__Work order__: For this listing, reproduce the line with "You can leave", the line with "離婚後の養育費の目安を簡易・迅速に算出するための表", and the lines between, exactly as they stand. Leave out pictures and all other lines.

__Dataset extract__:
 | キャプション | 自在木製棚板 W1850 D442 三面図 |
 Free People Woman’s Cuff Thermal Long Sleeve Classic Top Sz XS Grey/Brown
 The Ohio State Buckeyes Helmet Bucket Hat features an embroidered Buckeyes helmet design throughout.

--

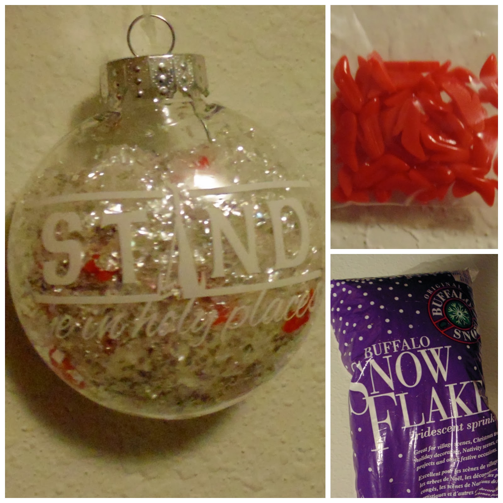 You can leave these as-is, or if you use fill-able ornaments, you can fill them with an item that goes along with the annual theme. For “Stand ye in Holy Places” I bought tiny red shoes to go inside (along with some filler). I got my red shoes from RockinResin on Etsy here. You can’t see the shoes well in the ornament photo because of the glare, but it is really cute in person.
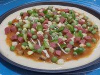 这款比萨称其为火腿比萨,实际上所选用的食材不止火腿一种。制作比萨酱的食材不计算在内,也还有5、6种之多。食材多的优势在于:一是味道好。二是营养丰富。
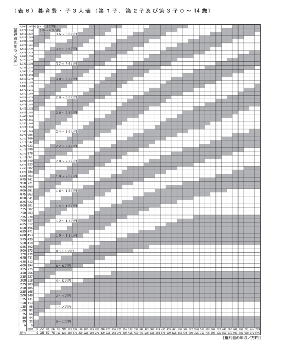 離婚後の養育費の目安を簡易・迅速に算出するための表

__Task result__:
 You can leave these as-is, or if you use fill-able ornaments, you can fill them with an item that goes along with the annual theme. For “Stand ye in Holy Places” I bought tiny red shoes to go inside (along with some filler). I got my red shoes from RockinResin on Etsy here. You can’t see the shoes well in the ornament photo because of the glare, but it is really cute in person.
 这款比萨称其为火腿比萨,实际上所选用的食材不止火腿一种。制作比萨酱的食材不计算在内,也还有5、6种之多。食材多的优势在于:一是味道好。二是营养丰富。
 離婚後の養育費の目安を簡易・迅速に算出するための表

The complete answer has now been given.